3.4. Feature importance of the model
Table 4 shows the importance and weight of each prognostic features. N stage was the most important common predictor between the OS and CSS analysis. In contrast, age was the most significant prognostic feature in OS, whereas the N stage was the most significant prognostic factor in CSS. Compared with the COX model, the RSF model exhibited a lower weight for the N stage and age in OS analysis (0.041 ± 0.006,0.109 ± 0.010). However, the importance and weight of tumor size were higher in COX model predicting CSS.
Table 4.
Feature importance calculated based on permutation importance.
| RSF |
COX |
||||||
|---|---|---|---|---|---|---|---|
| OS |
CSS |
OS |
CSS |
||||
| Feature | Weight | Feature | Weight | Feature | Weight | Feature | Weight |
| Age | 0.109 ± 0.010 | N | 0.091 ± 0.010 | Age | 0.111 ± 0.011 | N | 0.082 ± 0.009 |
| N | 0.041 ± 0.006 | Surgery | 0.028 ± 0.005 | N | 0.043 ± 0.007 | Tumor Size | 0.024 ± 0.008 |
| Tumor Size | 0.021 ± 0.004 | Tumor Size | 0.016 ± 0.006 | Tumor Size | 0.014 ± 0.003 | Surgery | 0.013 ± 0.003 |
| Residential Area | 0.005 ± 0.001 | Residential Area | 0.009 ± 0.005 | ||||
Fig. 3 illustrates the performance of the RSF model and COX model in the training set. Advanced age, higher N stage, and larger tumor size contributed to higher risk scores in OS (Fig. 3 A). Conversely, higher N stage, larger tumor size, living in remote nonmetropolitan areas, and not undergoing surgery were associated with high-risk scores in CSS (Fig. 3 B). Three patients were selected to show detailed SHAP values in OS and CSS risk (Fig. 3C, D).
Fig. 3.
SHAP plot of overall survival and cancer specific survival. (A) SHAP summary plot of overall survival; (B) SHAP summary plot of cancer specific survival; (C) SHAP value plot in three overall survival analysis patients. (D) SHAP value plot in three cancer specific survival analysis patients.

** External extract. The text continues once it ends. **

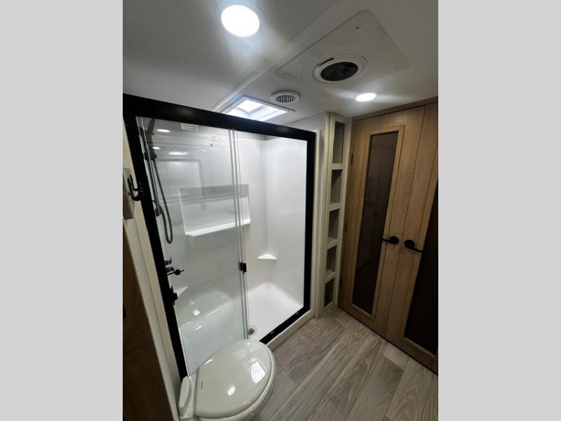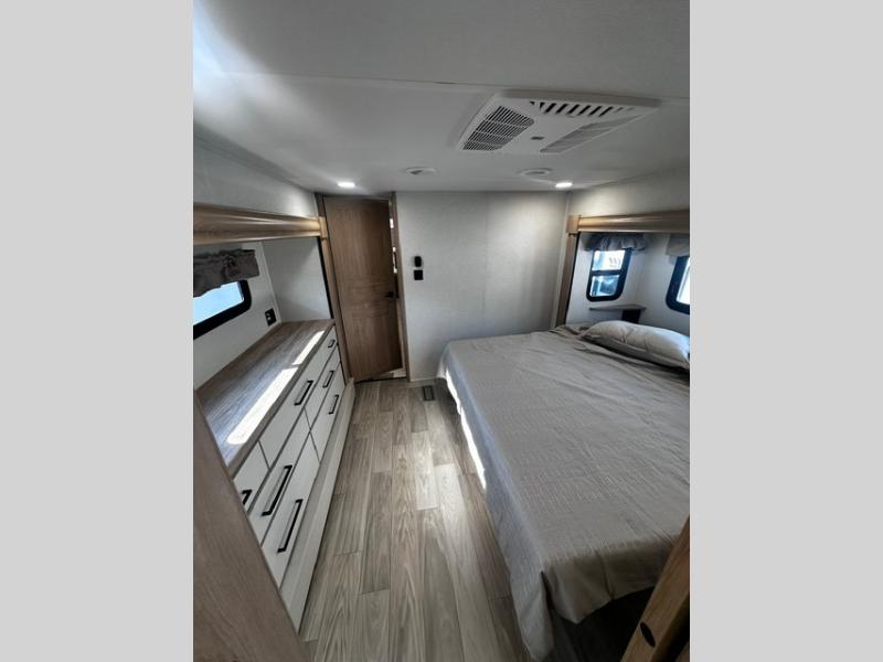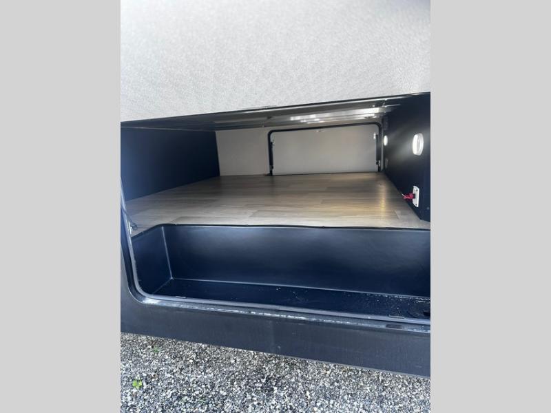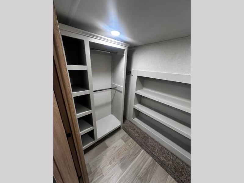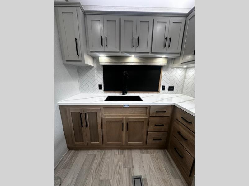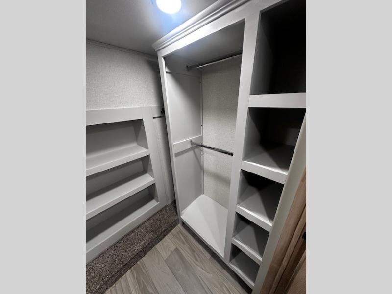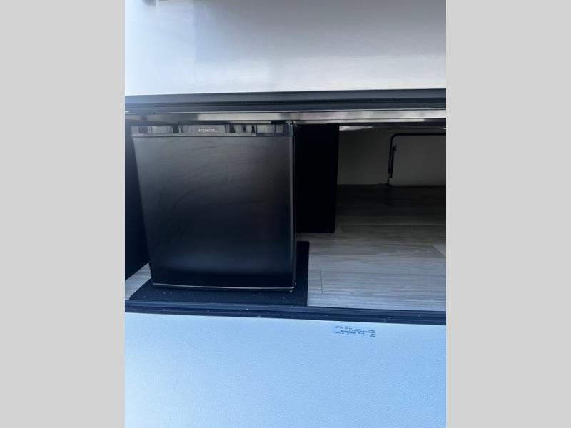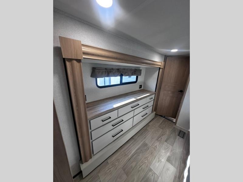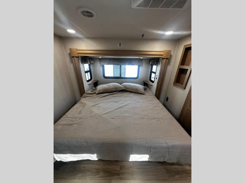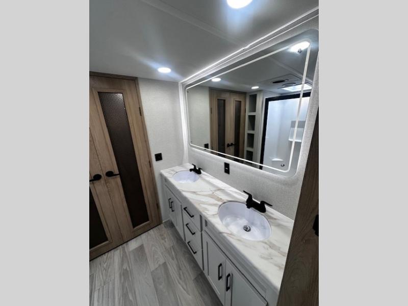 If you're looking to go full-time RVing, this fifth wheel is packed with convenient features! The master bedroom includes a king bed slide out with USB ports on either side of the bed so you both can charge your phones, and there is a dresser for your folded clothes. You will love the front bathroom with dual bath sinks, a shower with a seat, plus a walk-in closet with shelves! There is a unique middle utility room with washer and dryer prep and a counter that will make a perfect laundry room, or you can utilize this space for storage! Head to the main living area to relax on the theater seating or hide-a-bed sofa, and if you have guests stay over, they can sleep here. There is also an entertainment center with a 50" flat screen TV, but you might just leave that off if you're working at the desk with a chair that is provided. We've saved the best part for last; the kitchen! Here, you'll find ample counter space to prep home-cooked meals, a three burner range with a 24" oven, plus a large counter with barstools where you can enjoy breakfast at each morning. Choosing this fifth wheel is a no-brainer!

3.5. Model demonstration on patients
Six patients were selected from the validation set to evaluated the performance of the RSF and COX models. The table in Fig. 4 shows the detailed features and survival information of the selected patients. The survival probability over time in terms of OS and CSS are displayed in Fig. 4 A and C, respectively. Moreover, the cumulative mortality risk for all-cause and cancer-specific death are presented in Fig. 4 B and D, respectively. According to the prediction model, patients with higher predictive scores have a lower survival rate and a higher risk rate. In the CSS analysis, patients with ID 0 and ID 2 had overlapping survival and risk rate curves due to the same COX predictive score.
Fig. 4.
Six patients' survival functions and cumulative curve functions were predicted by the selected models. (A) cumulative survival rate curve of overall survival. (B) cumulative hazard rate curve of overall survival. (C) cumulative survival rate curve of cancer-specific survival. (D) cumulative hazard rate curve of cancer-specific survival.
4. Discussion
Our study found that age, N stage, and tumor size were prognostic factors for OS in M0 PSCC patients. Additionally, N stage, tumor size, surgery, and residential area were prognostic factors for CSS in M0 PSCC patients. Based on the above prognostic factors, the performance of the RSF model and COX model were found to be superior to other models. A high events-to-predictor ratio confirmed the reliability of the results. In each set, the number of deaths was more than 50, whereas the number of predictors was at most four, yielding an events-to-predictor of ratio of >10. Owing to the short clinical follow-up of the patients, the time-dependent AUC of the test set was different from that of the training set and validation set.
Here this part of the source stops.